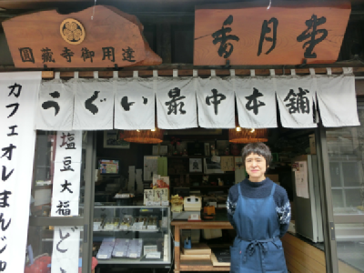 ここが食べ比べ3軒目の香月堂さんです。自家製のあんこが自慢のお店です。是非ご賞味ください。
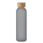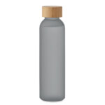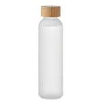 Стъклена бутилка с матирано покритие и бамбуков капак. Без течове. Вместимост: 500 мл. Бамбукът е естествен продукт, възможно е да има леки вариации в цвета и размера на артикул, което може да повлияе на крайния резултат от декорацията.
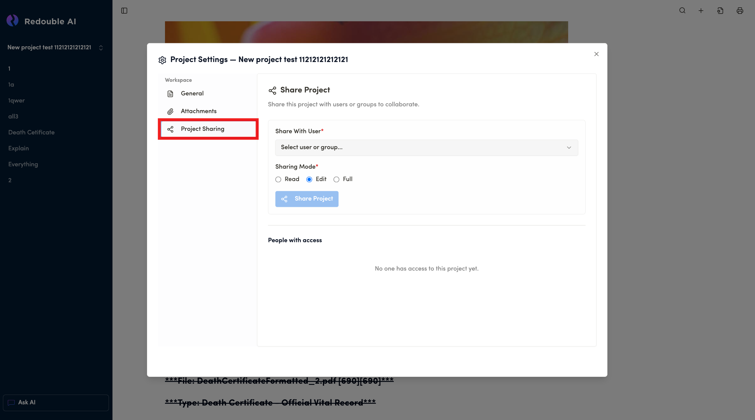 • Edit - Can view and modify project content (currently selected in your screenshot)
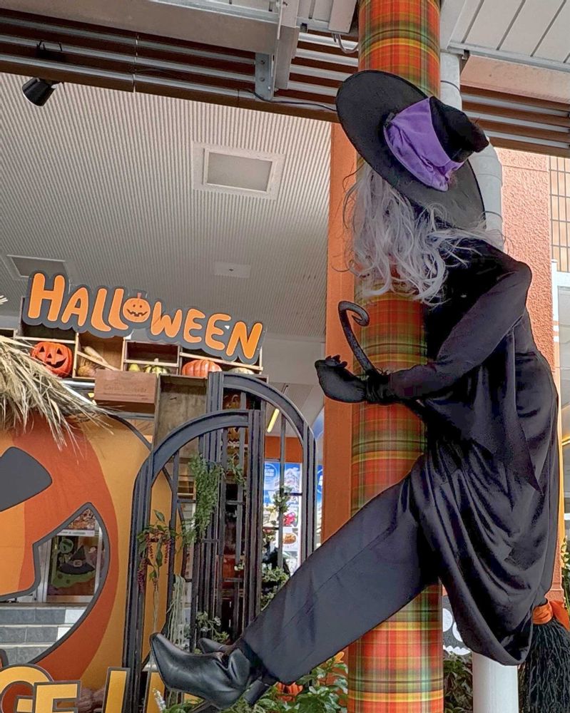 ハロウィンシーズン飾りと並んでます、なんだか南国のようですね
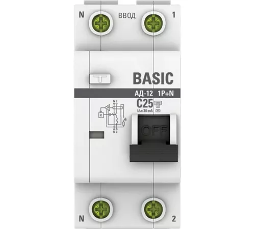 Автоматический выключатель дифференциального тока 1P+N 25А Basic
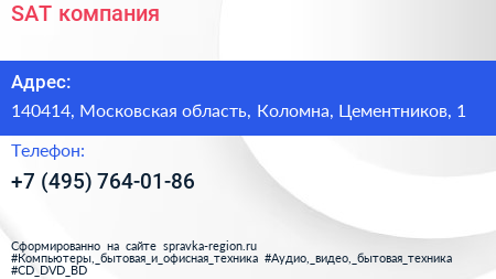 SAT, компания по адресу 140414, Московская область, Коломна, Цементников, 1 в дальнейшем Организация, размещена в следующих категориях:
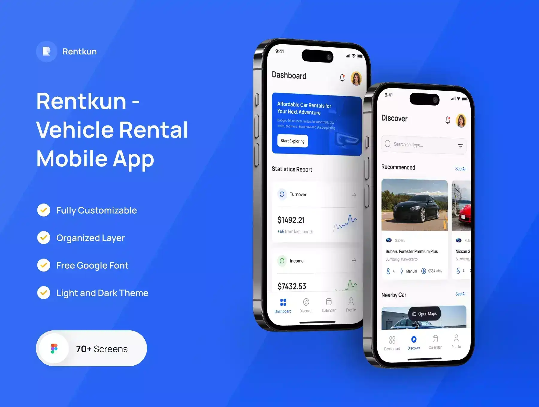 Rentkuy is Vehicle Rental Mobile App UI Kit with 70++ high-quality screens and is easy to use with clean, neat, and modern design. Available Light & Dark theme in Figma file.

Task description> Your output is the lines from the top of the entries through the line containing "Автоматический выключатель дифференциального", exactly as they stand. No pictures belong in it.

Written solution>
 ここが食べ比べ3軒目の香月堂さんです。自家製のあんこが自慢のお店です。是非ご賞味ください。
 Стъклена бутилка с матирано покритие и бамбуков капак. Без течове. Вместимост: 500 мл. Бамбукът е естествен продукт, възможно е да има леки вариации в цвета и размера на артикул, което може да повлияе на крайния резултат от декорацията.
 • Edit - Can view and modify project content (currently selected in your screenshot)
 ハロウィンシーズン飾りと並んでます、なんだか南国のようですね
 Автоматический выключатель дифференциального тока 1P+N 25А Basic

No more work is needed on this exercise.